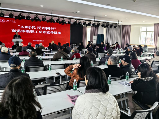 此次宣传讲座,由徽商银行成都分行发起,联合成都市公安局武侯分局、四川大学离退休处共同开展。活动现场,武侯区公安局反诈中心民警从电信网络诈骗的危害入手,结合近年来的典型真实案例,用生动形象的语言讲解当前高发的电信诈骗、网络贷款诈骗、虚假投资理财等典型案例,通过展示“刷单返利”“冒充公检法”“贷款刷流水”等诈骗的常见套路,引导广大离退休教职工识破诈骗骗局。
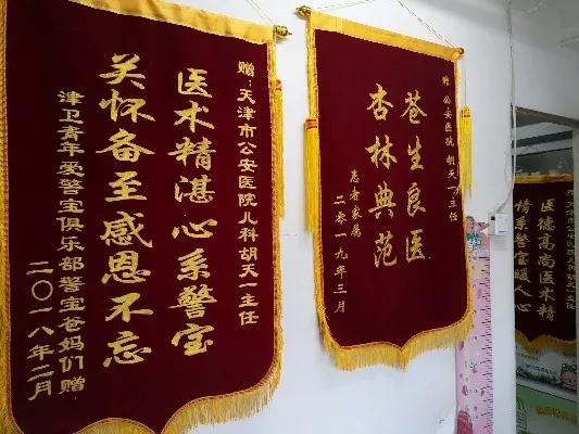 在公安医院儿科的小小诊疗室里,挂满了患者家属送来的锦旗,这些锦旗上出现最多的名字叫做胡天一。
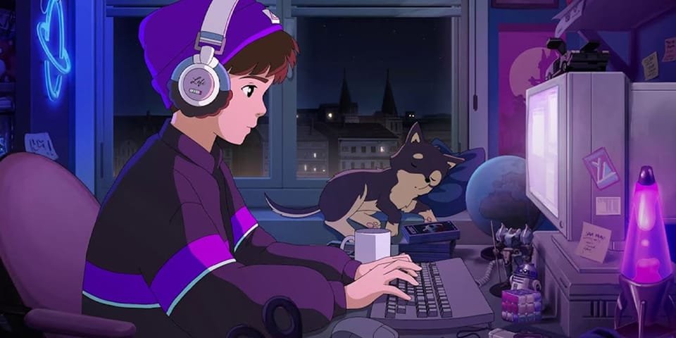 The channel is officially titled “Synthwave – beats to chill/game to,” and the unnamed character is currently referred to by the community as “Synthwave Boy” or “Lofi Boy.” Planted at his desk with his left side facing the window, the character is seen in his room typing on the mechanical keyboard next to a Saturn-shaped neon sign, a lava lamp, and his dog. As part of the storyline, a faint blue window can be seen from the original Lofi Girl stream which has been revealed as the room of “Synthwave Boy.” Likewise, the outline of her room can be seen from his window. The disappearance is interpreted as the two neighbors taking time to meet up.
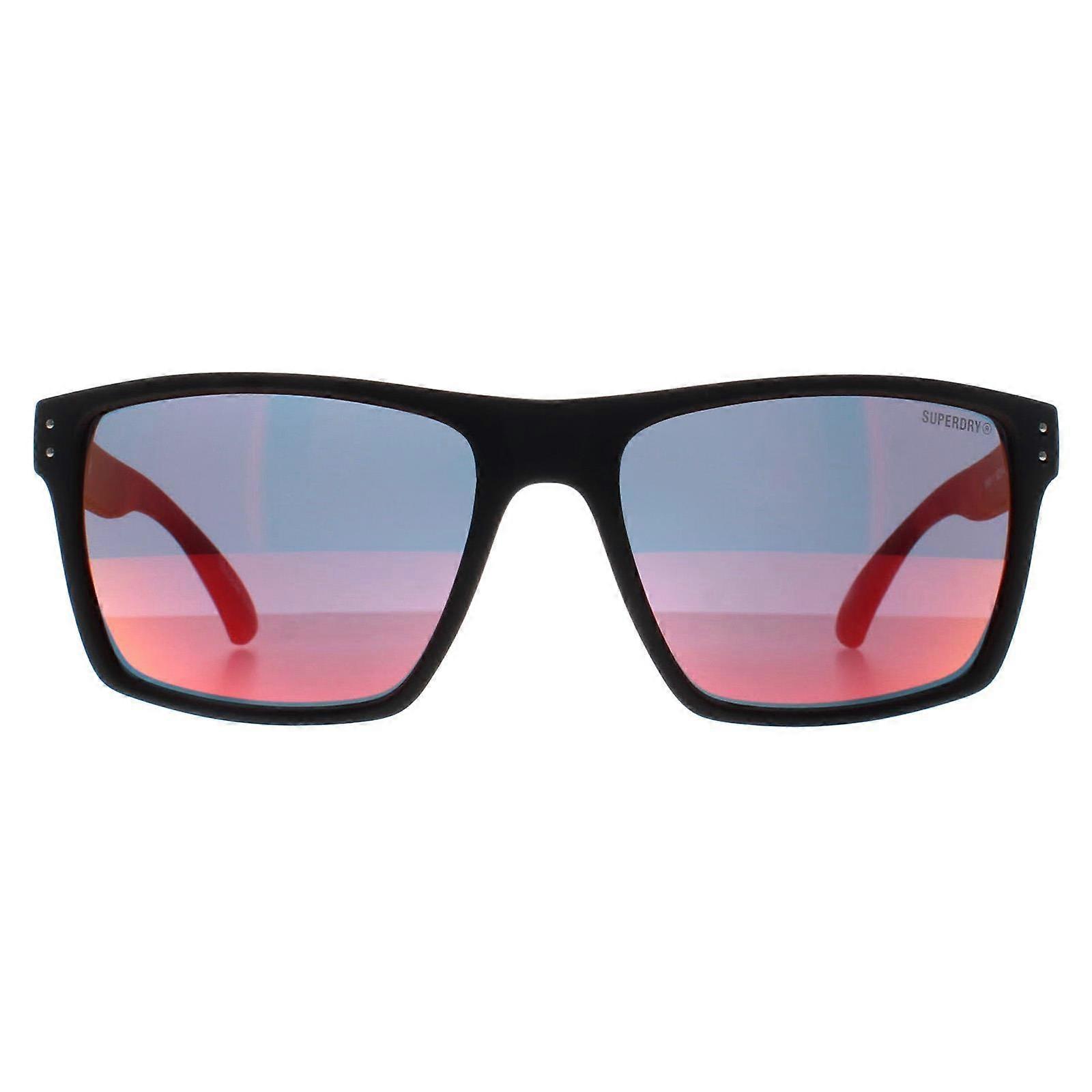 Superdry Sunglasses Kobe 193 Matte Black Volcanic Mountain Orange Red Mirror

§ **YOUR ASSIGNMENT**: Repeat the material above word for word but skip the images.

§ **TASK ANSWER**:
 此次宣传讲座,由徽商银行成都分行发起,联合成都市公安局武侯分局、四川大学离退休处共同开展。活动现场,武侯区公安局反诈中心民警从电信网络诈骗的危害入手,结合近年来的典型真实案例,用生动形象的语言讲解当前高发的电信诈骗、网络贷款诈骗、虚假投资理财等典型案例,通过展示“刷单返利”“冒充公检法”“贷款刷流水”等诈骗的常见套路,引导广大离退休教职工识破诈骗骗局。
 在公安医院儿科的小小诊疗室里,挂满了患者家属送来的锦旗,这些锦旗上出现最多的名字叫做胡天一。
 The channel is officially titled “Synthwave – beats to chill/game to,” and the unnamed character is currently referred to by the community as “Synthwave Boy” or “Lofi Boy.” Planted at his desk with his left side facing the window, the character is seen in his room typing on the mechanical keyboard next to a Saturn-shaped neon sign, a lava lamp, and his dog. As part of the storyline, a faint blue window can be seen from the original Lofi Girl stream which has been revealed as the room of “Synthwave Boy.” Likewise, the outline of her room can be seen from his window. The disappearance is interpreted as the two neighbors taking time to meet up.
 Superdry Sunglasses Kobe 193 Matte Black Volcanic Mountain Orange Red Mirror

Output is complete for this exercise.